To make a product that uses Machine Learning as a key pillar of the technology, there are a lot of things that have to come together, but at the root it is all about data. Clean, diverse, and accessible data. The giants that are in this space have budgets to buy data, buy companies, and trick their users into always giving up privacy for the use of the product.

At Mycroft, we are presented with a real challenge, because at the heart of our company is Privacy and User Agency. What that means is we do not by default store any recordings, transcriptions, or data when people use Mycroft. To obtain the data we need to improve Mycroft, we ask those who are comfortable to contribute to our Open Dataset. Contributing means specifically Opting-In to share your recordings, transcriptions, and usage data. Once Opted-In you have the right to Opt-Out and delete your dataset at any time.

The more people across different genders, accents, and ages that Opt-In, the more diverse the dataset is that trains our Precise wakeword model. You can do this in under a minute at https://account.mycroft.ai/profile! Please consider it!

Now we are in an almost humorous Catch-22 scenario. Mycroft only hears my wife 50% of the time. So even if she is using it at the same frequency as me, the utterances submitted will be only half of what I donate to the dataset. Magnify that across the portion of our Community that has Opted-In, and now you have a ratio that is not reflective of the makeup of the world.

The Solution

We’re developing a three-pronged approach here at Mycroft.

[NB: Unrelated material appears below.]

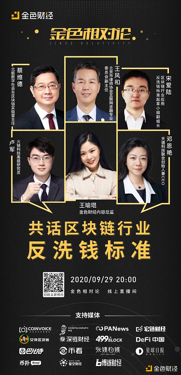 对此,9月29日,金色财经邀请到北航数字社会与区块链实验室主任蔡维德、《区块链行业应用反标准》起草小组副组长宋爱陆、北京盈科律师事务所金融与互联网法律事务部主任王风和、天德科技联合创始人兼CEO邓恩艳、火链科技高级研究员卢军做客「金色相对论」直播间,讨论分享了国家在区块链领域开展的反专项举措!

First, we need more people with varying voices to use the device and Opt-In. This builds the dataset.

We then need to tag those utterances, using the Precise Tagger which we’ll relaunch soon. We then train new global Precise models on those utterances, improving accuracy.

Lastly, we need to think outside the box for edge cases. For this last approach, we have started work to build a local machine learning tool which allows people to directly train their wake word on-device.

Personal Precise Trainer

This personal Precise trainer will let an individual record themselves speaking the wake word a few times, then perform a training on top of the general wake word model, creating a custom model which is immediately available and just for themselves.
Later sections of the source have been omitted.